How smart is g++

[John Max Skaller]

How smart is g++ handling references? Consider:

struct X { int j; };

void f(X x)
{
  int j_copy = x.j;
  int & j_ref = x.j;
  ...
}

Is g++ smart enough to make uses of j_copy and j_ref
the same speed? Meaning to use the same instructions?

Or does it treat a reference as a pointer, and have
to dereference every use?

Or does this depend on context, optimisation switches etc?

I'm currently unpacking a structure to individual variables.
The structure isn't otherwise used, other than to be
initialised, similar to the shown example. (Acually it is
passed to a class constructor which does the unpacking
so methods of the class can access the components).

I was thinking to store the actual struct instead,
and change the variables to be references, this saves
unpacking. In my context assume the result will be semantically
equivalent -- this question is about performance.

"Are references to a subcomponent of a struct as fast to
use as the literal expression for that subcomponent"?
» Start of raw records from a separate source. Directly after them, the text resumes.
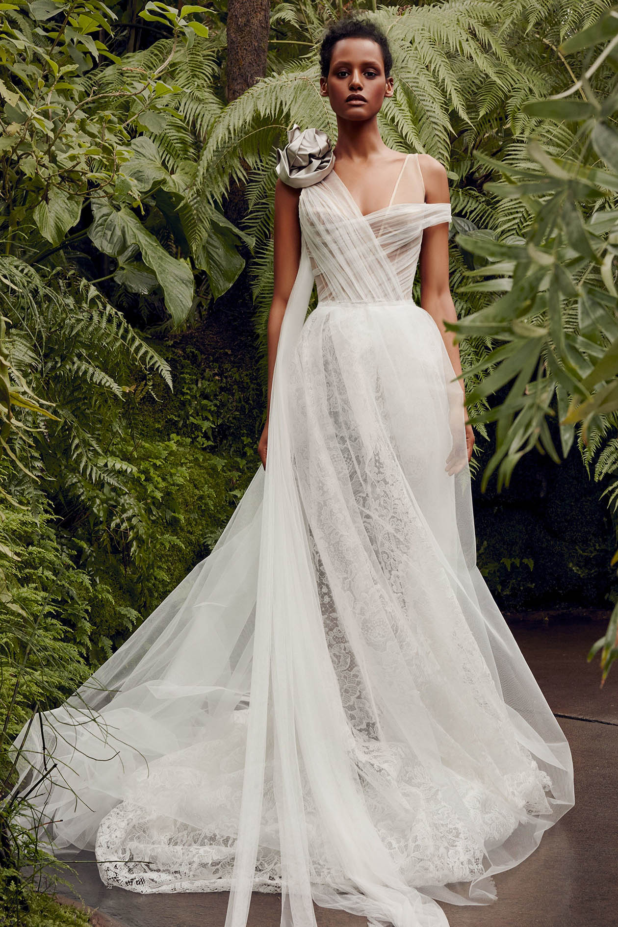 Mẫu thiết kế áo cưới 2 trong 1 có thiết kế linh hoạt khi phần tùng váy lưới bồng bềnh bên ngoài có thể tháo rời dễ dàng, để lộ dáng váy đuôi cá bán xuyên thấu tôn vinh đường cong cơ thể. Theo thông tin, váy của thương hiệu Isarel có giá dao động quanh mức 200 triệu đồng và lên đến 300 triệu đồng
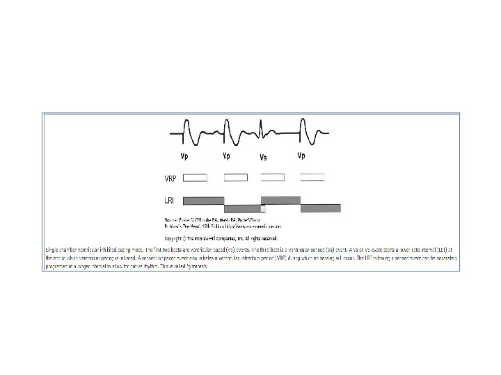 Hysteresis • Allows the rate to fall below the programmed lower rate following an intrinsic beat • lower rate limit is initiated by a paced event, while the hysteresis rate is initiated by a non-refractory sensed event. Lower Rate Interval-60 ppm VP VP Hysteresis Rate-50 ppm VS VP
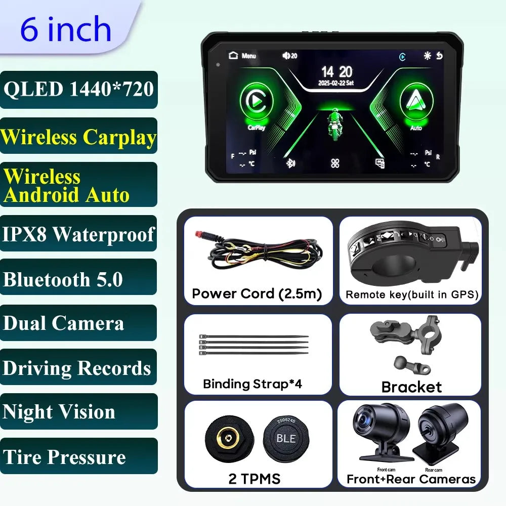 6 inch Motorcycle Navigation Incell Screen 1440*720 Wireless CarPlay Android Auto Motorcycle GPS Motor DVR Monitor TPMS Optional
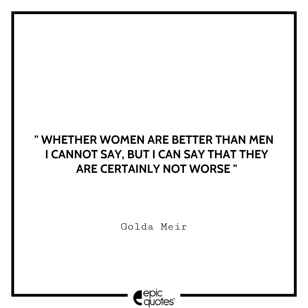 11 Whether women are better than men I cannot say, but I can say that they are certainly not worse. -Golda Meir
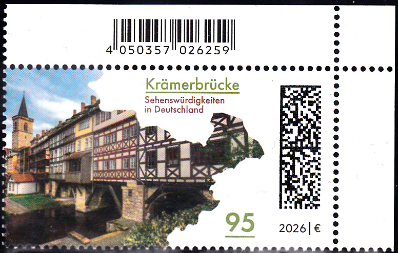 In der Serie "Sehenswürdigkeiten in Deutschland" erschien bei der Deutschen Post eine Marke "Krämerbrücke" (MiNr 3961) mit der Krämerbrücke in Erfurt und in einer Umrisskarte Thüringens. Hier zeige ich eine Marke vom Eckrand mit EAN-Codierung.
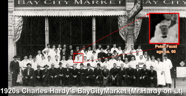 The staff of Charles S. Hardy’s Bay City Market. The gray haired gentleman indicated by the red box and in the blowup is very probably Peter Faust, chef clerk, Note that Mr. Faust has a pronounced tan line where his ubiquitous hat would have protected his head from the sun.
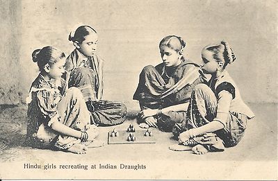 Title (ebay affiliate link): INDIA Old vintage postcard HINDU GIRS RECREATING AT INDIAN DRAUGHTS, c.1910
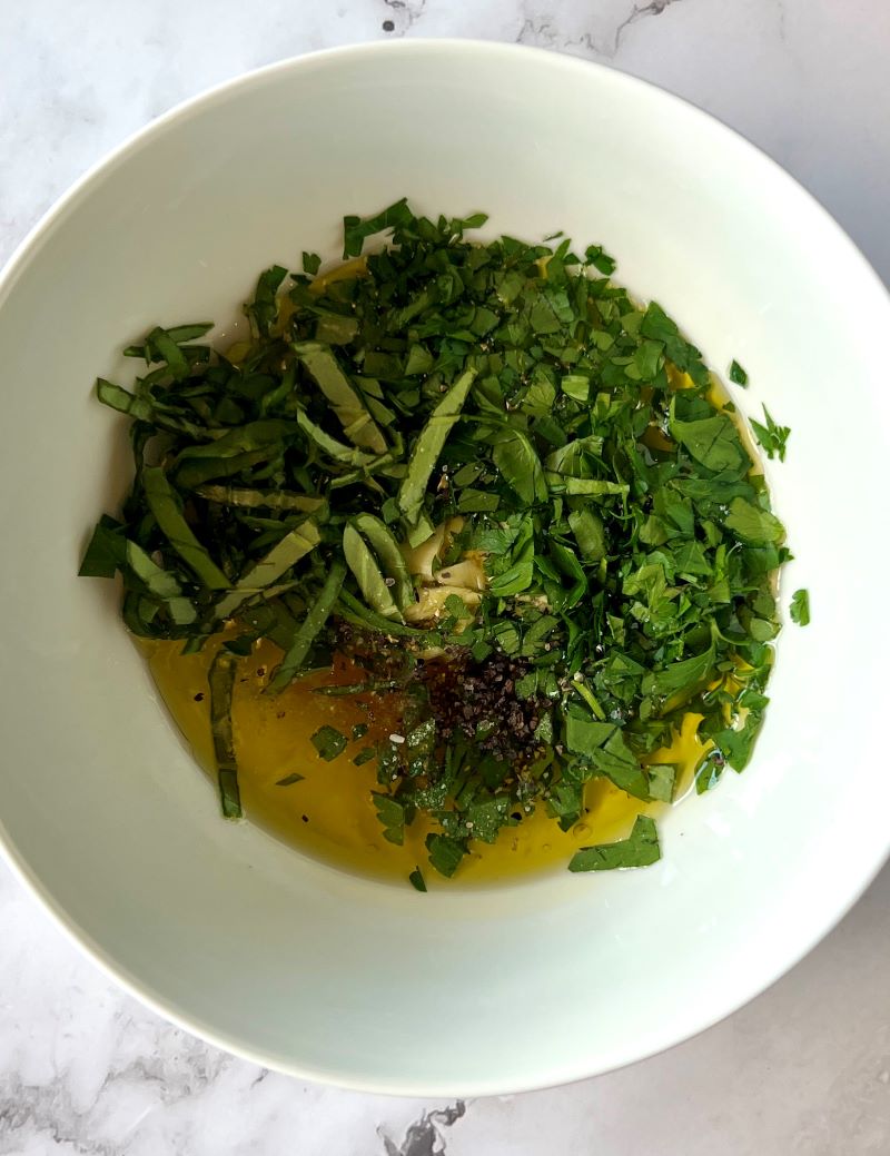 - Lemon dressing– Olive or avocado oil, lemon juice, garlic, Dijon mustard, honey, salt, pepper, fresh parsley and basil.
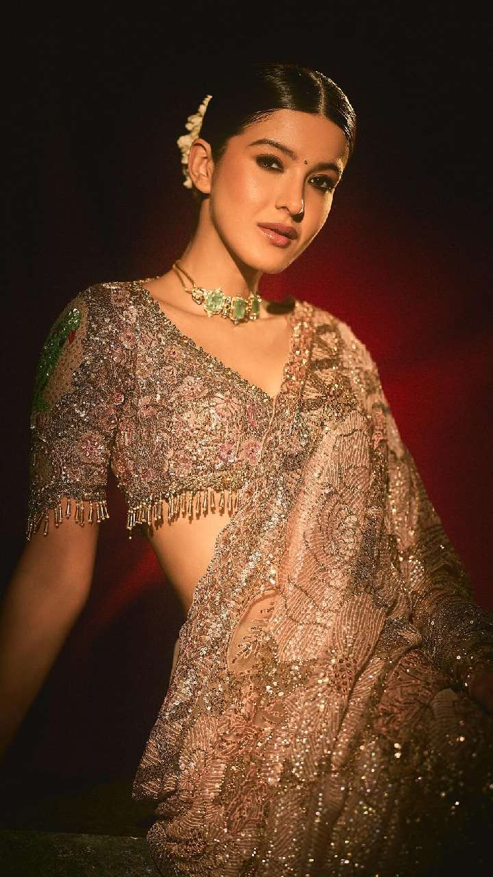 अगर आपको हैवी वर्क कैरी करना पसंद है तो आप शनाया कपूर के इस लुक को कैरी कर सकती हैं।

In particular, initialisation of 'j_ref' above could take
zero time and storage -- it's a constant offset into the stack just like
the expression x.j.

However, in a class, this may be tricky if the reference
is bound with a constructor, and then used later in a method.
[I might fix that if the overhead for functions is zero by
binding the reference in each method]

Hmm .. did the question make sense?